Carl H. Clark
After the deck is laid and trimmed off, the top of the 6tern board should also be trimned 3-4" above the level of the deck, and to the same curve. The stem is cut off and shaped as shown in Fig. 2 with a 3-4" hole bored to take a rope if desired. The face of the stem has been preferably left 3-4" wide, and a piece of 3-4" flat or half round galvanized iron or brass strip is bent around and fastened into place with screws. At the top it is carried up and around the curve, and the lower end extends a foot or so along the bottom.
The washboard L, Figs. 2 and 3, is of oak, about 6" wide and 1-2" thick. The stock for this should not be very dry, as it must be quite limber to bend sharply enough. It should be in two pieces, joined on the sides. A steam box, as before described, may be necessary for this purpose, as it must be thoroughly steamed. When bent into place it is fastened with screws. Before boring for the screws, a centrebore should be made about 1-4" deep, and slightly larger than the head of the screw, so that the latter may lie below the surface. The counterbore is then filled with a plug or •'bung" cut for this purpose across the grain, that it may be planed off smooth. These plugs are obtainable from any dealer in boat supplies in even sizes. They are set in lead paint and then trimmed down to the surface of the board.
The two parts of the washboard are to be joined by a piece about 8" long put on the outside, the ends of the two parts being screwed to it. A rowlock socket is afterwards fitted on the top of the joint, to enable the use of oars when desired.

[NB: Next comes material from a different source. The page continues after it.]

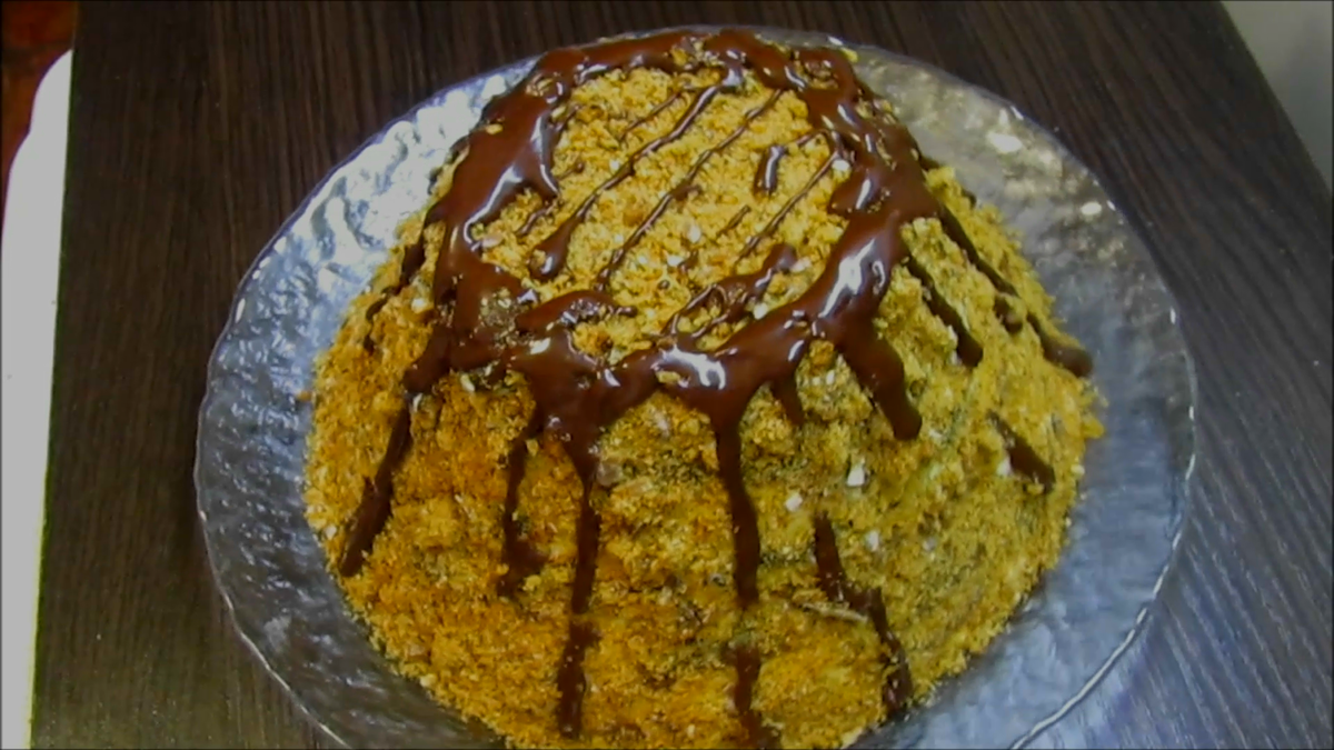Такое лакомство получится даже у ребенка! Мы с девчонками готовили его в студенческие годы, когда жили в общежитии. Ведь для его приготовления духовка не нужна! Собирается он буквально за 10-15 мин. Если приготовить на ночь, то утром вы будете наслаждаться нежнейшими тортом! Для его приготовления я покупаю в магазине свежие мягкие пряники, которые нужно нарезать на дольки Пряников понадобится 600г. Я брала темные(300г.) и светлые(300г.). Готовлю крем: взбиваю 500г. сметаны с сахарной пудрой (0,5ст.) и ванилином(1 пакетик) Глубокую тарелку застилаю пленкой и выкладываю слоями пряники, промазывая каждый кремом. Мажьте обильнее, вкусно будет! Накрываю тарелкой и оставляю пропитаться минимум на 2 часа, а лучше на ночь. По истечению времени, переворачиваю торт на плоское блюдо, пленку убираю. Тортик прекрасно держит форму и не расплывается, значит пряники отлично пропитались! Осталось пару манипуляций: обсыпаю тортик крошкой из пряников, поливаю растопленным шоколадом, либо шоколадной гл

It is desirable that the deck should be covered with canvas, as it makes smoother work, and is easier to keep in good condition. Canvas for this purpose should be about 8 oz. weight, in one width if possible, or it may be in two widths, lapped in the centre. It is cut about to the shape of the deck and washboard, leaving some for trimming. The deck is smeared with lead or thick paint, and the canvas laid on, drawn tight against the washboard and over the edge of the deck and tacked. A piece of about 3-8" quarter round moulding is then fitted in the corner between the washboard and deck and the canvas trimned off at its upper edge. This makes a good water tight joint. The outer edge is covered with a half round moulding about 1 1-4" wide, which should be left bright and later varnished. Arourd the stem and across the stern the edge of the canvas is turned under and neatly tacked.

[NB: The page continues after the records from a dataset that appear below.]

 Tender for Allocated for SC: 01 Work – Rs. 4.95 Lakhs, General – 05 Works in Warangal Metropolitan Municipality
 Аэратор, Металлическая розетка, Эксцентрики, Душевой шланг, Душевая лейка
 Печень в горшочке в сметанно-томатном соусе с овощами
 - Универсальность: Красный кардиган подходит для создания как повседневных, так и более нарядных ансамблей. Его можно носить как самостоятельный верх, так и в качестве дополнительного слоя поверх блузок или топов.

The skeg O, P, Fig. 2, is of hard wood 3 1-2" thick, shaped as shown, the after edge of P is to be square with the line of the shaft. They are joined together diagonally as shown and nailed. The size of the skeg as shown, is sufficient for ordinary work, but for some uses it may be desirable to increase its size. If this is desired, the length may be increased, but should not be longer than half the length of the bottom. It is fastened to the bottom with 3-8" rivets.

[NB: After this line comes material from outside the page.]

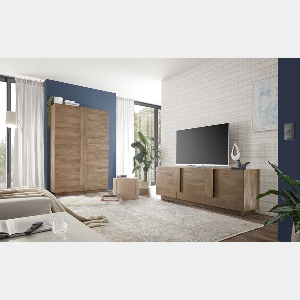 La nuova finitura Mercure con le sue sfumature irregolari assicura un mobile tv di impatto, che diventa protagonista del tuo salotto. Anche le maniglie rettangolari giocano un ruolo importante: elementi tipici del design moderno italiano assicurano praticità nell'apertura di anta e cassetti offrendo al contempo uno stile ben definito al porta tv.

The flooring is laid directly upon the moulds and is 3-4" thick; on the top of the cleats already in place between the moulds a strip is nailed to support the flooring between the moulds. It will be best to fit it now but not fasten it in place until the engine is installed. The middle board should be left loose to allow access to the space underneath. It will be well to fit a narrow piece at the outer edges of the floor extending diagonally down to the planking to keep articles from rolling down under the floor.
Seats are to be fitted as shown in Figs. 1, 2, 3, about 15" above the floor. They are supported on short braces fastened to the moulds and an upright under the outer end. The seats may be notched around the moulds and extend out to the plank, or they may run along on the inside of the moulds with a narrow strip along the back to prevent articles from rolling behind.
The space under the seats may be left open, in which case turned uprights should be used under the seats, or if desired, sheathing may be carried as shown in Fig 3, and doors fitted to give access; this gives valuable storage space. Before fitting the bulkhead forward, the fuel tank is to be put into place.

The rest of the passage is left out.